I was going to manure over the top, knowing some settling will occur.  

I was told these trees would bear fruit this year (and the 2 types cross pollinate nicely).

Can you tell me here (or in PM or e-mail) where you get your trees?


----------



## Melensdad

I've got peach trees (USDA Climate Zone 5) and get peaches every year.  This is my 3rd attempt at a mini-orchard ~ the deer have eaten the last 2 orchards.  I moved it next to the workshop/guest apartment and the deer seem to be leaving it alone.  Too exposed to people, I presume.

Asian Pears seem to be the most reliable, easiest to grow.  Followed by some traditional style Pears.  

With this mini-orchard (about 8 trees) I simply picked them up at the local big box stores.  In prior years I fed the deer with expensive nursery stock.


----------



## bczoom

Bob - How's the quality of the trees at the box stores?

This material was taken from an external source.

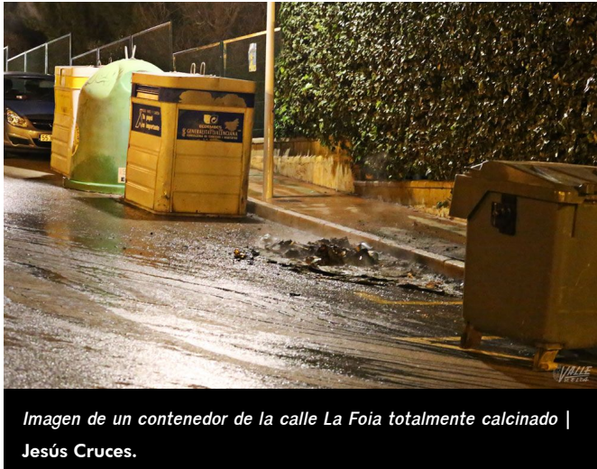
Imagen de un contenedor de la calle La Foia totalmente calcinado | Jesús Cruces.

encontraban todos a apenas unas calles de distancia, en el casco antiguo de la ciudad, y todos comenzaron a arder con pocos minutos de diferencia, por lo que todo apunta a que el culpable podría ser una o más personas coordinadas. En concreto se prendieron dos contenedores en la calle La Foia, dos en la vía Amazonas con Colombia y otra junto a la ermita de San Bonifacio, además se incendió un árbol junto a la calle Travesía del Santísimo Cristo.

I intentionally planted mine in the "dog's zone".  The dog doesn't let any animal in her area _and goes nuts just seeing the deer, turkey... moving along 100 yards outside of the yard_


----------



## Bamby

I've purchased fruit trees both ways, big box, mail order, and nursery. The ones purchased at big boxes just don't seem to thrive as well for me at least. My very best peach tree came from a local nursery. But overall it seems the mail order ones from Stark Bro's have done the best. If you're wanting to make up some of the best applesauce you've ever ate get a Wolf River or maybe two the apples are huge and though not exactly pretty they just can't be beat IMHO.


----------



## bczoom

Thanks Bamby.

I'll give the Stark Bro's products a try.

I just ordered:
3 plum trees (2 varieties)
3 apple trees (3 varieties)
5 pear trees (3 varieties)

I better go dig more holes after the snow passes.

*Another question*
I was going to put the apples in one area, pears in another and the plums in yet a different area.  Is that best or just mix 'em up?


----------



## muleman RIP

I plant mine in pairs and run them diagonally so the one row does not shade the other. That worked good 30 years ago when I planted them at the old farm.


----------



## Bamby

Personally I'd sort of group them for better pollination. And you may want to consider laying out some sort of management planting format in your yard. What I'm getting at is if you lay out your planting right you'll only be annoyed on a few passes when mowing your yard. If you just place them haphazardly throughout the yard it can get to the point where all a person gets done when mowing is working themselves around a tree on every pass around, been there and done it and it's a big pain in the butt. Mine are now replanted in long rows about 25' apart so that I only haft to deal with them on a few passes and then get serious with mowing the rest of the yard.


----------



## thcri RIP

Stark shows the Pink Lady available for my area in the cart section, however I am zone 4 and on the Stark page of the apple  it says recommended zone 5 to 8.  Would I chance it?


----------



## bczoom

Yea, but you have "wide open spaces".  I live deep in a valley with woods to my East and West so I automatically lose 4 hours of sunlight.  I'm "shooting" for locations that will get 6-8 hours of sunlight a day.  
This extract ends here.